According to the American Society for Aesthetic Plastic Surgery, 8.7 million people had cosmetic surgery in 2003, up 33% from the previous year1. The top elective procedures included those which involved facial esthetics such as chemical peels, microdermabrasion, botox injections and eyelid surgery2. We have all at one time or another had the chance to watch one of the many popular makeover television shows such as Extreme Makeover and The Swan, where patients are chosen to have extreme facial and dental transformations. Viewers observe the post-op pain, swelling, bruising that patients must go through in order to attain the desired results. The immediate consequences appear to be right out of a 1950’s horror movie. Yes, we know the outcomes are usually wonderful with proper healing, which often takes months, but patients seem to still go ahead and seek these extreme surgical procedures.

Driven by Cerinate Porcelain’s non-invasive Lumineers, modern esthetic dentistry is now making these extreme treatment modalities obsolete. The “never again” comments often made by plastic surgical patients are never heard from Lumineers patients because the procedures are pain-free. Veneers enable dentists to re-design smiles in just two visits, thus giving patients the unique opportunity to attain complete, life-changing dental makeovers without removing any painful tooth structure.

The following illustrates one such case where a patient was given a life changing esthetic dental makeover with the Lumineers by Cerinate porcelain system.

Cerinate porcelain is a feldspathic porcelain that can be finished to a thickness of 0.2 mm. Its flexural strength is similar to the aluminum oxide reinforced porcelain cores. It has a low coefficient of thermal expansion, which allows for a decreased rate of fracture and de-bonding3.

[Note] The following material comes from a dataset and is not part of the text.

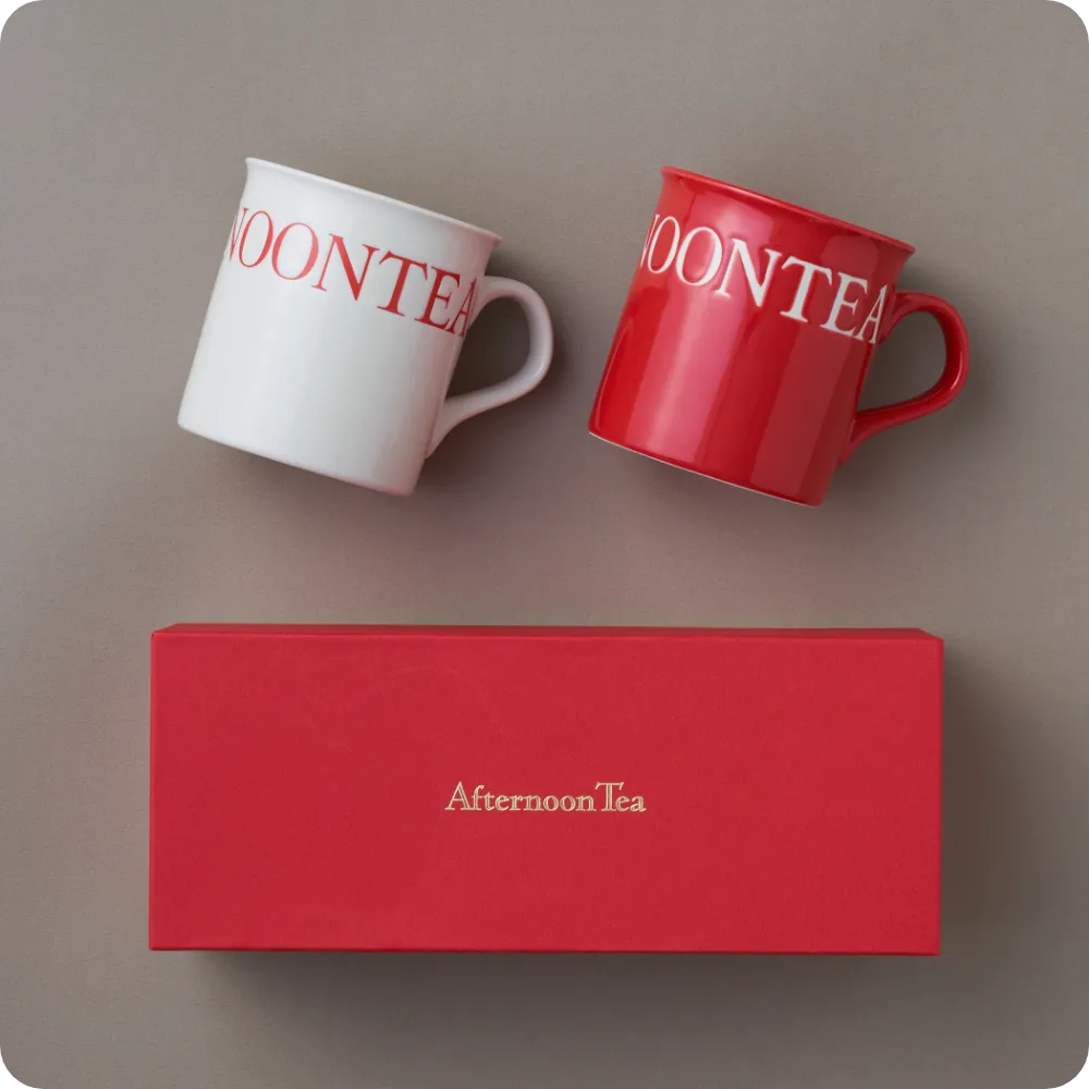 "집 크리스마스 테이블 코데에 도입하고 싶은, 홀리데이 무드에 딱 맞는 레드×아이보리의 머그컵 페어 세트. 찬장에 두는 것만으로 기분이 오를 것 같다. 우에무라 와카나)

Val had been a patient in our practice for several years. His family was never informed nor given the option to have his teeth orthodontically corrected as a youngster. When they arrived to the U.S. from his native Italy, finances also became an issue for his family. Over the years, Val’s desire to change his smile increased. His main concern was the removal of sound, healthy tooth structure. He refused to have orthodontic treatment, which I always feel is the first option. I described a system that existed where I could give him the desired results with minimal tooth reduction, which increased his interest in this treatment. We had Val visit us at a separate appointment to take the standard 12 AACD digital images4, study models; facebow transfer, stick bite and CR bite registration. Gathering and documenting this baseline information is a must to attain successful results. Preparation of any case must be performed to avoid unnecessary complications for both the patient and restorative dentist. Comprehensive dental examination, including digital radiographs, caries, TM joint and periodontal assessments were normal. His dental home care was good and he always presented for his re-care appointments. As can be seen in Fig. 1, Val always wished that the “spaces” between his teeth could be closed, his midline shifted, and that he could have a slightly brighter, more youthful smile. He also felt that the linguo-version of tooth #7 gave his smile the appearance of a missing tooth.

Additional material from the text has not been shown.